> **Problem to work on**: Once the line holding "Dull Yellow semi" is found in the entries below, transcribe exactly every line up to and including the one holding "Vakker Wheat kjole", but leave out the pictures.

> **Supplied data**:
=== Section Start ===

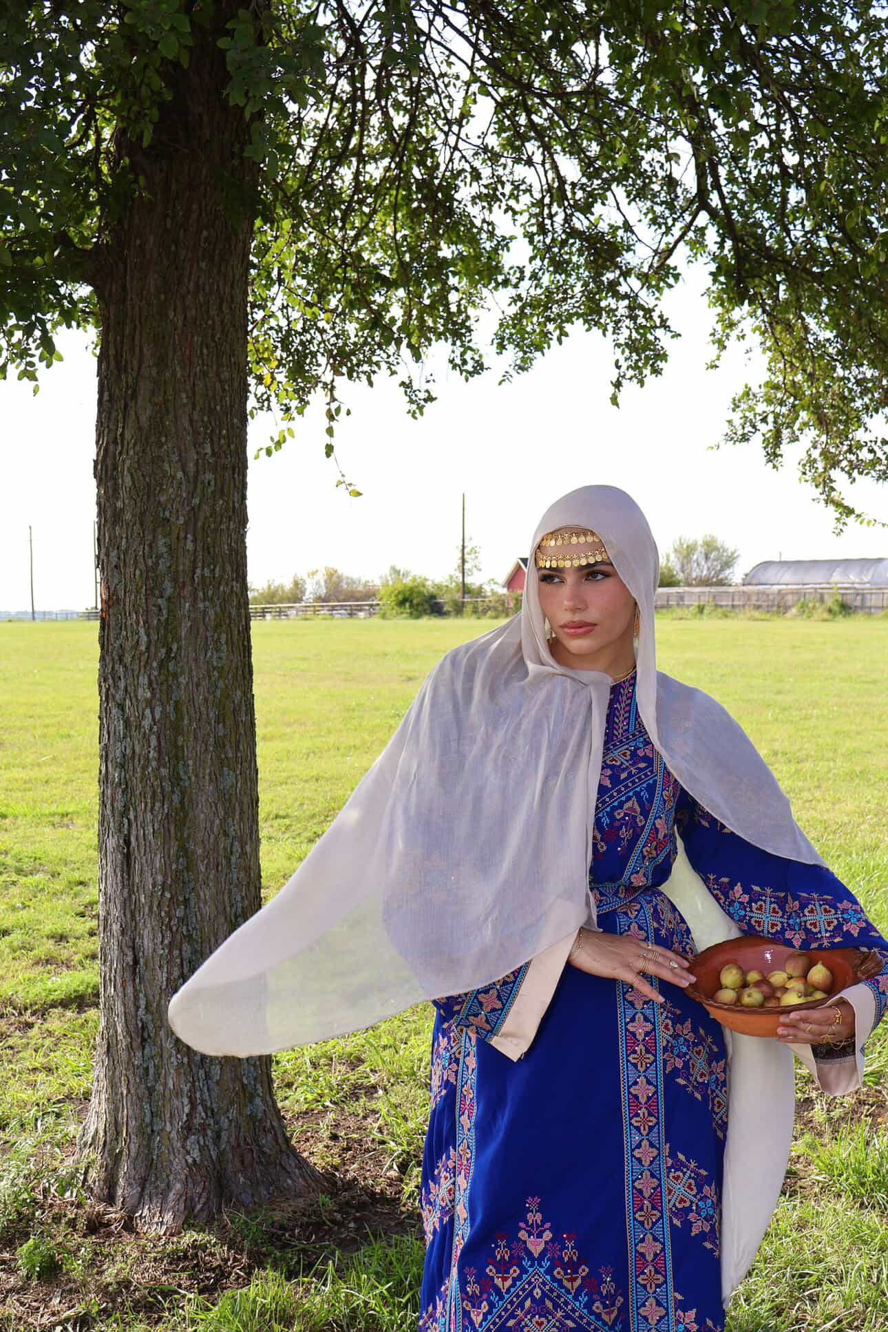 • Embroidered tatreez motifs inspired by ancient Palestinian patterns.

=== Section End ===
=== Section Start ===

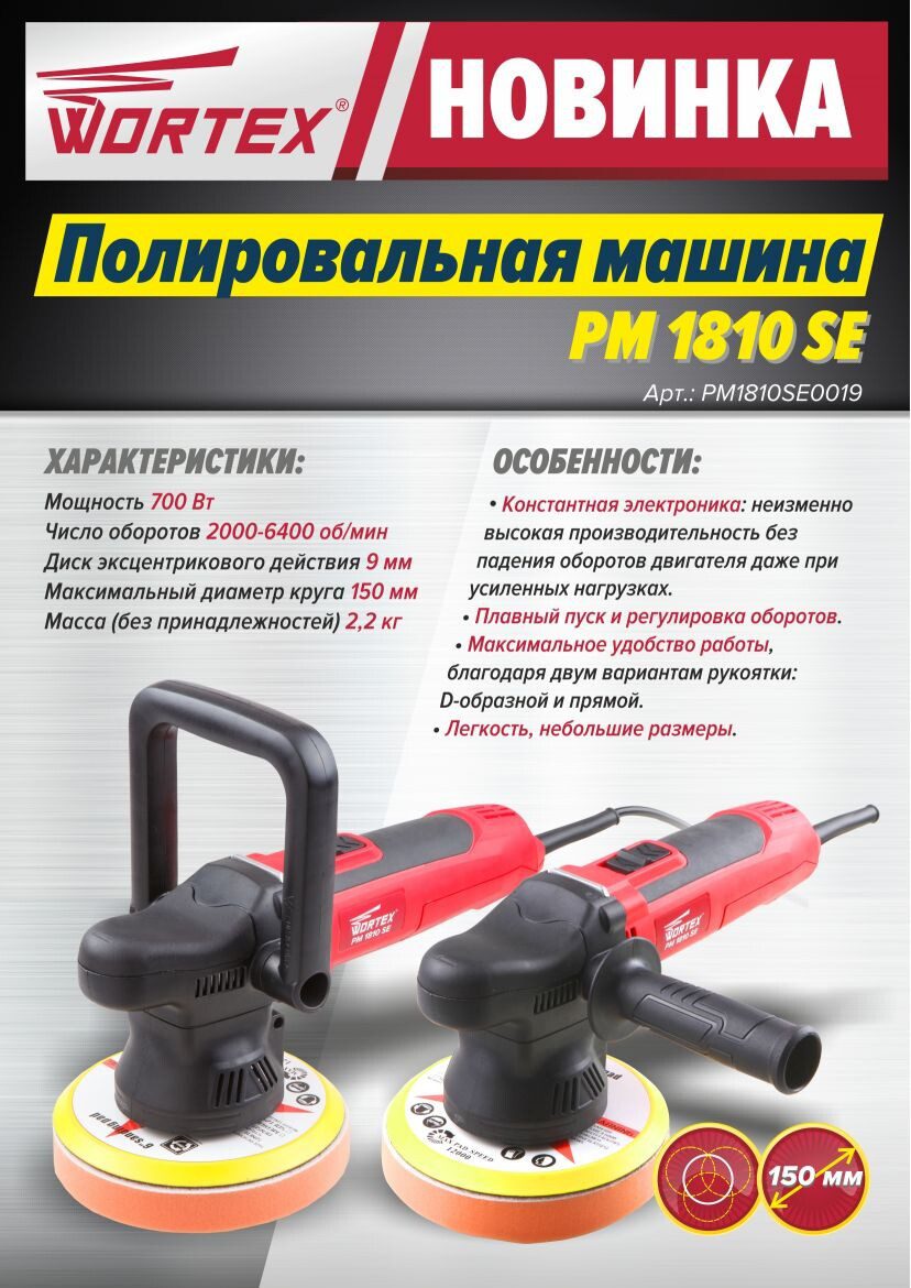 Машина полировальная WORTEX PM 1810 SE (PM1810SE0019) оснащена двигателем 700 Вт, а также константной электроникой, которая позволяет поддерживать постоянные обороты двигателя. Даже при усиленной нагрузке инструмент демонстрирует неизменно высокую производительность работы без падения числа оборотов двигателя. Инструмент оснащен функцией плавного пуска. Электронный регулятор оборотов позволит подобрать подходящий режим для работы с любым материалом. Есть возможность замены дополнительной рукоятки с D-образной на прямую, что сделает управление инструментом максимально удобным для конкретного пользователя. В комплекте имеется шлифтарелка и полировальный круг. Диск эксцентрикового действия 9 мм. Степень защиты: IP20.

=== Section End ===
=== Section Start ===

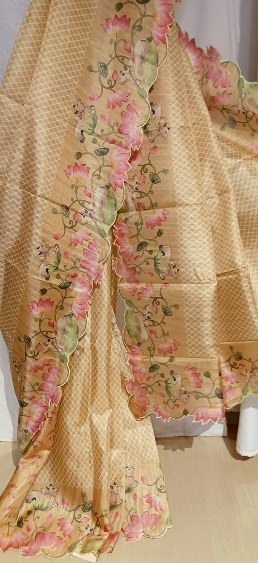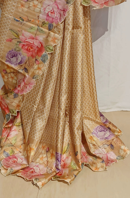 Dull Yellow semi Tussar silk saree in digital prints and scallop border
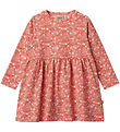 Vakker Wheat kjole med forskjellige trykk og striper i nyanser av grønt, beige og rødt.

=== Section End ===

> **Answer to this exercise**:
 Dull Yellow semi Tussar silk saree in digital prints and scallop border
 Vakker Wheat kjole med forskjellige trykk og striper i nyanser av grønt, beige og rødt.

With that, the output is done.